* Task to carry out: Search the listing below for the line with "The Maki Full-Sized", then write out that line and every one after it exactly, without the pictures.

* Dataset excerpt:
_ _ _ _ _

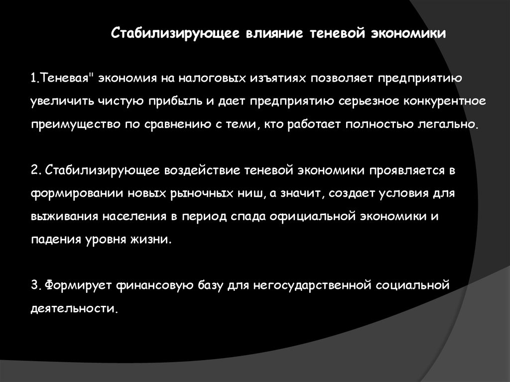 2. Стабилизирующее воздействие теневой экономики проявляется в
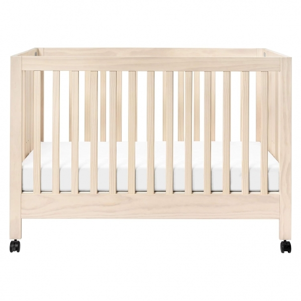 The Maki Full-Sized Folding Crib has clean, geometric lines and a foldable frame making it modern, portable and easy to store. Includes removable wheels and all-wood slat construction for lightweight mobility.
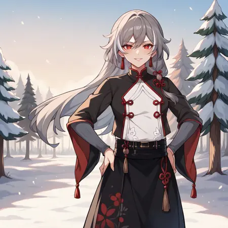 Fol004, WT_Senti, fu hua, 赤目, ローポニーテール, ロングヘア, グレイヘア, 白ストライプヘア, altサイドポニーテール, 中国風服, シャツのオーバーハング, ツートーンシャツ, altブラックシャツ, alt白シャツ, 茶タッセル, ジュエリー, フローラルプリント, ブラックベルト, グレイ袖, altブラック袖, alt層になった袖, ロングスカート, altブラックスカート,

_ _ _ _ _

* Result of the exercise:
 The Maki Full-Sized Folding Crib has clean, geometric lines and a foldable frame making it modern, portable and easy to store. Includes removable wheels and all-wood slat construction for lightweight mobility.
 Fol004, WT_Senti, fu hua, 赤目, ローポニーテール, ロングヘア, グレイヘア, 白ストライプヘア, altサイドポニーテール, 中国風服, シャツのオーバーハング, ツートーンシャツ, altブラックシャツ, alt白シャツ, 茶タッセル, ジュエリー, フローラルプリント, ブラックベルト, グレイ袖, altブラック袖, alt層になった袖, ロングスカート, altブラックスカート,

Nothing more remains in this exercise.